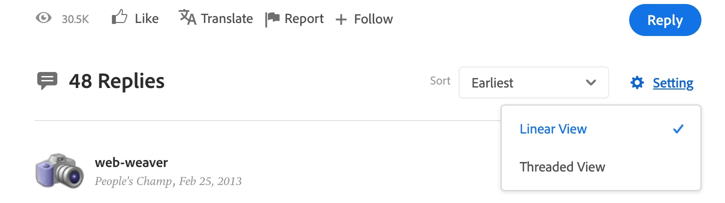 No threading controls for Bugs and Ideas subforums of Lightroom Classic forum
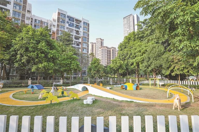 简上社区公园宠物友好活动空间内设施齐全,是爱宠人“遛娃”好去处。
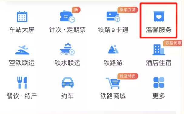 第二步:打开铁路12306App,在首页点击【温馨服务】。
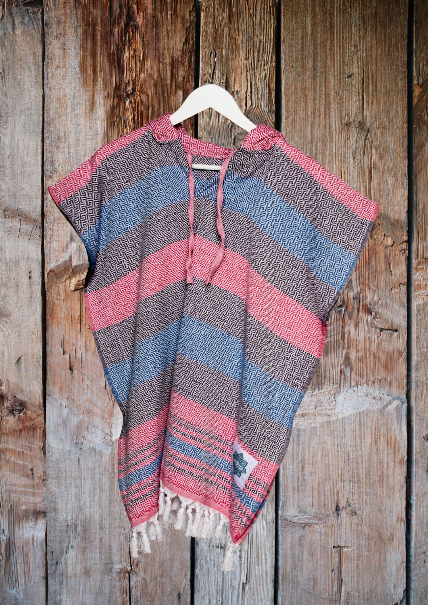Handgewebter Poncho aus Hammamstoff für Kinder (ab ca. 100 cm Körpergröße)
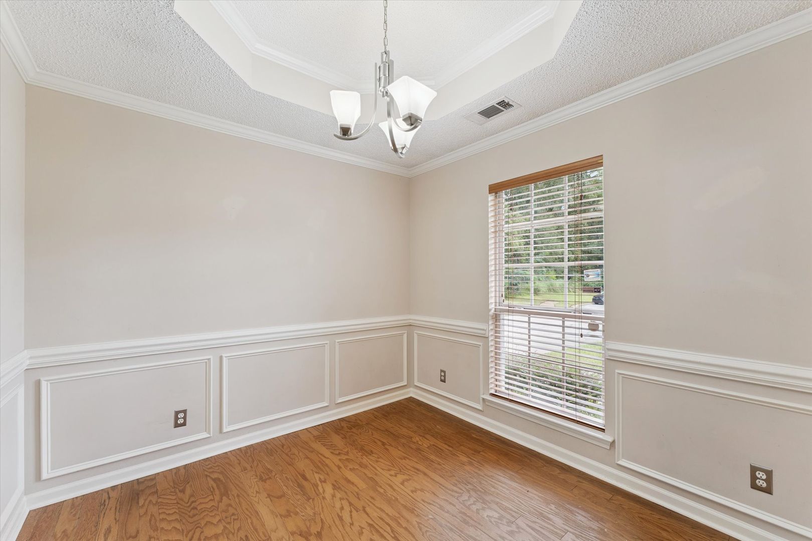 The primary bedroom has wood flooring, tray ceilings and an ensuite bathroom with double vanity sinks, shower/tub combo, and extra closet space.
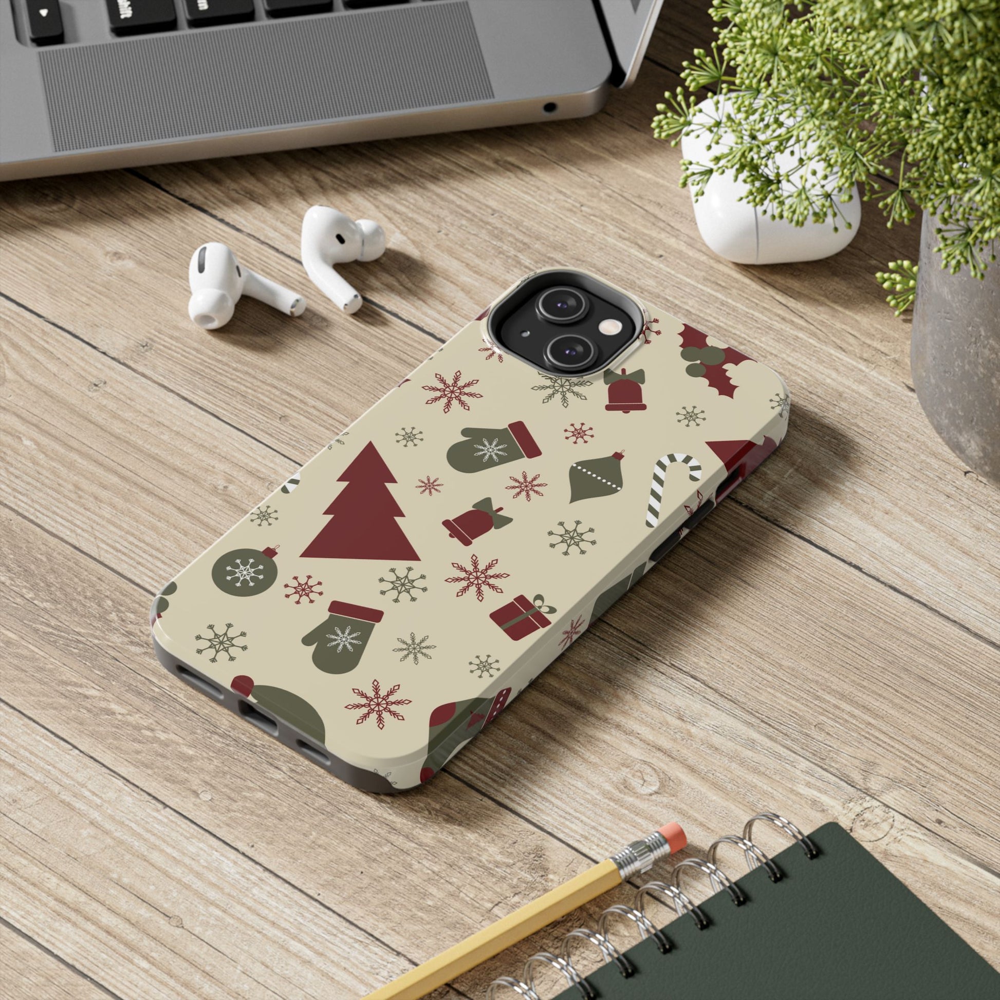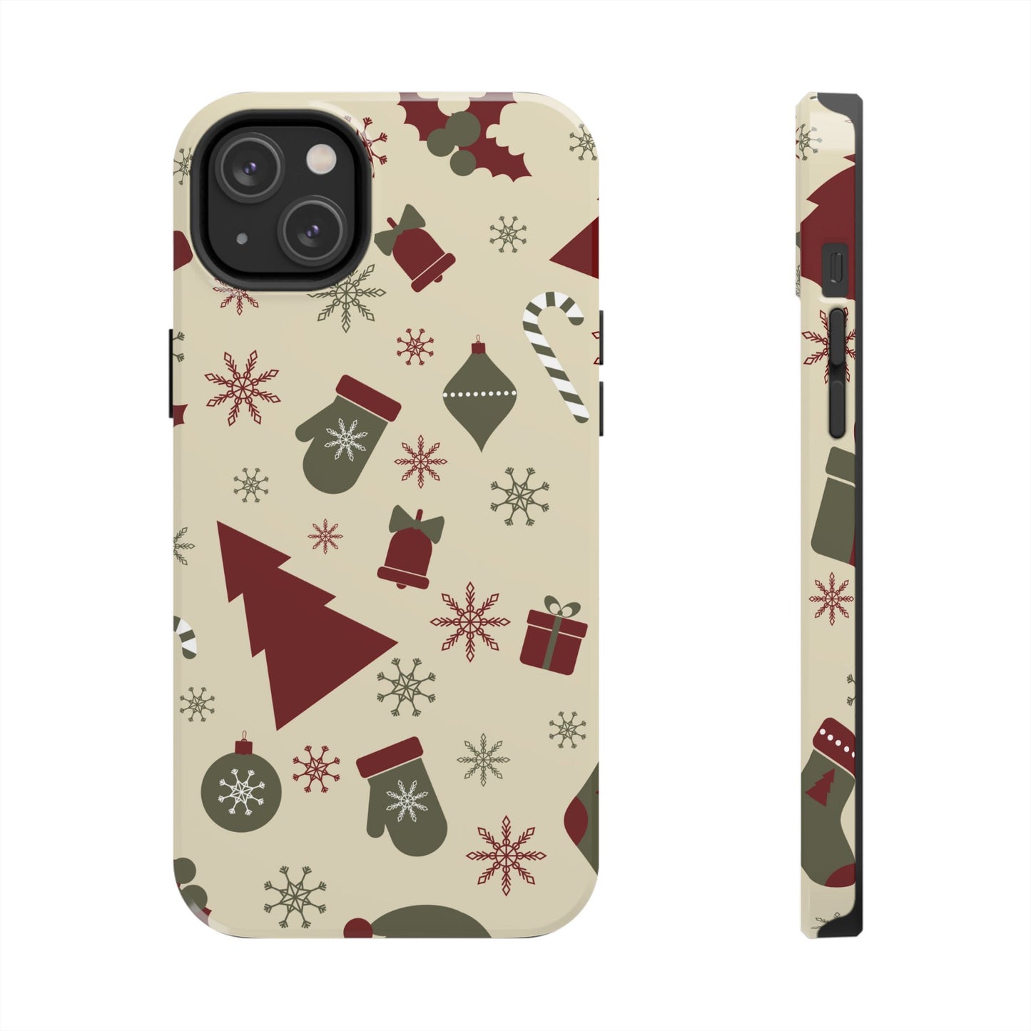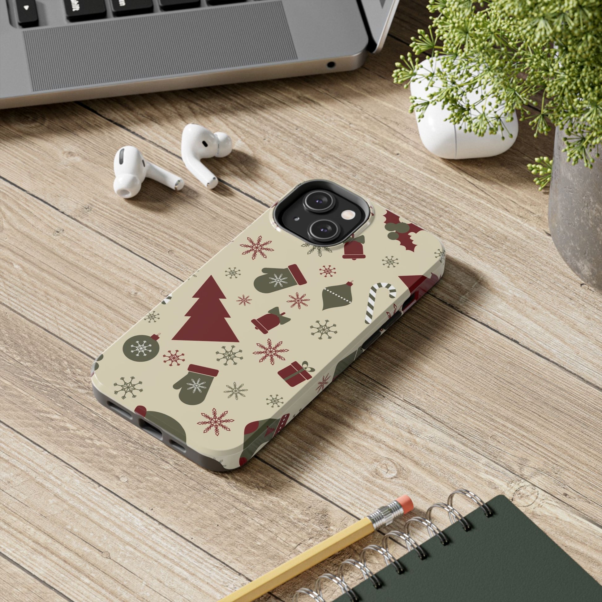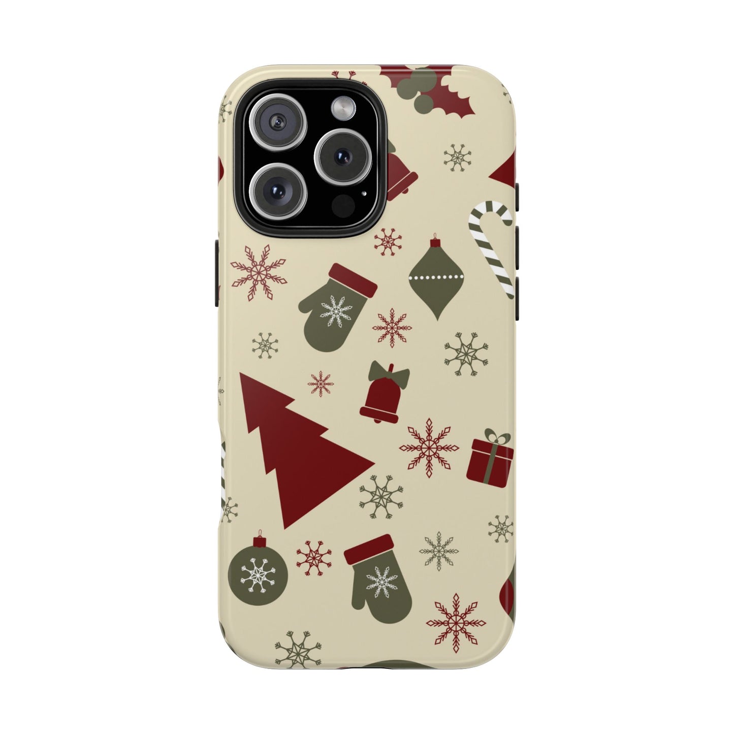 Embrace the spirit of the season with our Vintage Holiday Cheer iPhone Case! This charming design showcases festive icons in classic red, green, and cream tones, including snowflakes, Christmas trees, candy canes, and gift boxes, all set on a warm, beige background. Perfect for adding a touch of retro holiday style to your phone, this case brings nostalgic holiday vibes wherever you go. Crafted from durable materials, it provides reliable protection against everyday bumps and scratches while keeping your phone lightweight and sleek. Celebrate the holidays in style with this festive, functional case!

---

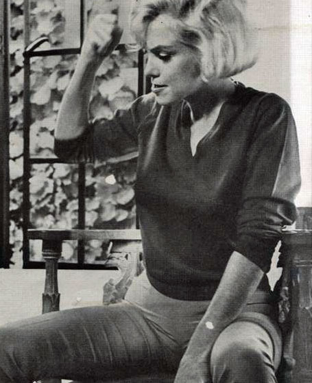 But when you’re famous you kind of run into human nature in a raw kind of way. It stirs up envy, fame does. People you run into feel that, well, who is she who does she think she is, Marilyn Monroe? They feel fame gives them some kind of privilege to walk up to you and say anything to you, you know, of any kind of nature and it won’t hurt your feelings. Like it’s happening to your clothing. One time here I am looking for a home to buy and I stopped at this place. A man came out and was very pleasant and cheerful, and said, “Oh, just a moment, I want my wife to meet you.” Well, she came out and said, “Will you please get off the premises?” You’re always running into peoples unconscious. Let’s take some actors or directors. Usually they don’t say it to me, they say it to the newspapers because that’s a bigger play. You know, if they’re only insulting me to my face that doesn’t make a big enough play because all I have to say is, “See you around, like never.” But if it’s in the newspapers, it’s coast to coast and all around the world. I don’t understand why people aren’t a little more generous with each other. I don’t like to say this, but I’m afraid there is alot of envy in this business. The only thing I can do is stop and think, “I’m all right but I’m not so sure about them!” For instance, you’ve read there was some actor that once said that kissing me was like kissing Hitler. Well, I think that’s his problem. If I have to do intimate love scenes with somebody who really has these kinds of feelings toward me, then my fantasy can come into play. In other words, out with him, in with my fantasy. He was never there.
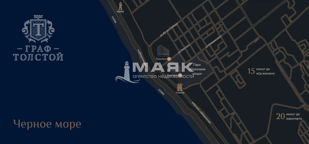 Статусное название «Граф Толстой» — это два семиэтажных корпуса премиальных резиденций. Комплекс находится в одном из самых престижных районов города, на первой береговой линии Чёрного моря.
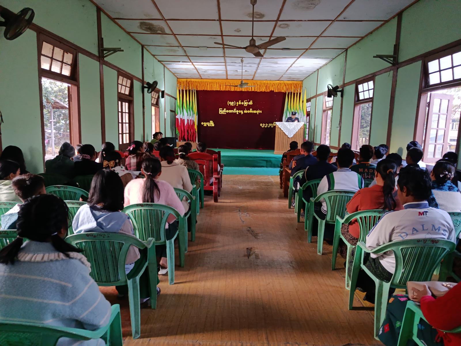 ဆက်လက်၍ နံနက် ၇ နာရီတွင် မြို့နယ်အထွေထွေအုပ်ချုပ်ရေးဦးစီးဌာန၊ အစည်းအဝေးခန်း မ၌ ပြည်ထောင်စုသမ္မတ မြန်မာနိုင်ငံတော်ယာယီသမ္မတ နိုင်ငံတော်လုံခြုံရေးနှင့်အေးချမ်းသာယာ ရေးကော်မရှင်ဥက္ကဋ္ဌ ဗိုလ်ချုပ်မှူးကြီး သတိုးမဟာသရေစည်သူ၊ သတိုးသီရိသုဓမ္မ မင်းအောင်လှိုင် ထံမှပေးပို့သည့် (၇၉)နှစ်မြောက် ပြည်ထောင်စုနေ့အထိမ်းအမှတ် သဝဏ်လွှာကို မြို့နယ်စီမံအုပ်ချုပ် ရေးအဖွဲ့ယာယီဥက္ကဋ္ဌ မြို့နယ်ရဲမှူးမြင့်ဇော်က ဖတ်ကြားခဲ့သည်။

◆ **What needs to be done**: Print, word for word, the lines above that run from the line containing "The primary bedroom" to the line containing "Embrace the spirit", both included. Keep the pictures out.

◆ **Solution to this problem**:
 The primary bedroom has wood flooring, tray ceilings and an ensuite bathroom with double vanity sinks, shower/tub combo, and extra closet space.
 Embrace the spirit of the season with our Vintage Holiday Cheer iPhone Case! This charming design showcases festive icons in classic red, green, and cream tones, including snowflakes, Christmas trees, candy canes, and gift boxes, all set on a warm, beige background. Perfect for adding a touch of retro holiday style to your phone, this case brings nostalgic holiday vibes wherever you go. Crafted from durable materials, it provides reliable protection against everyday bumps and scratches while keeping your phone lightweight and sleek. Celebrate the holidays in style with this festive, functional case!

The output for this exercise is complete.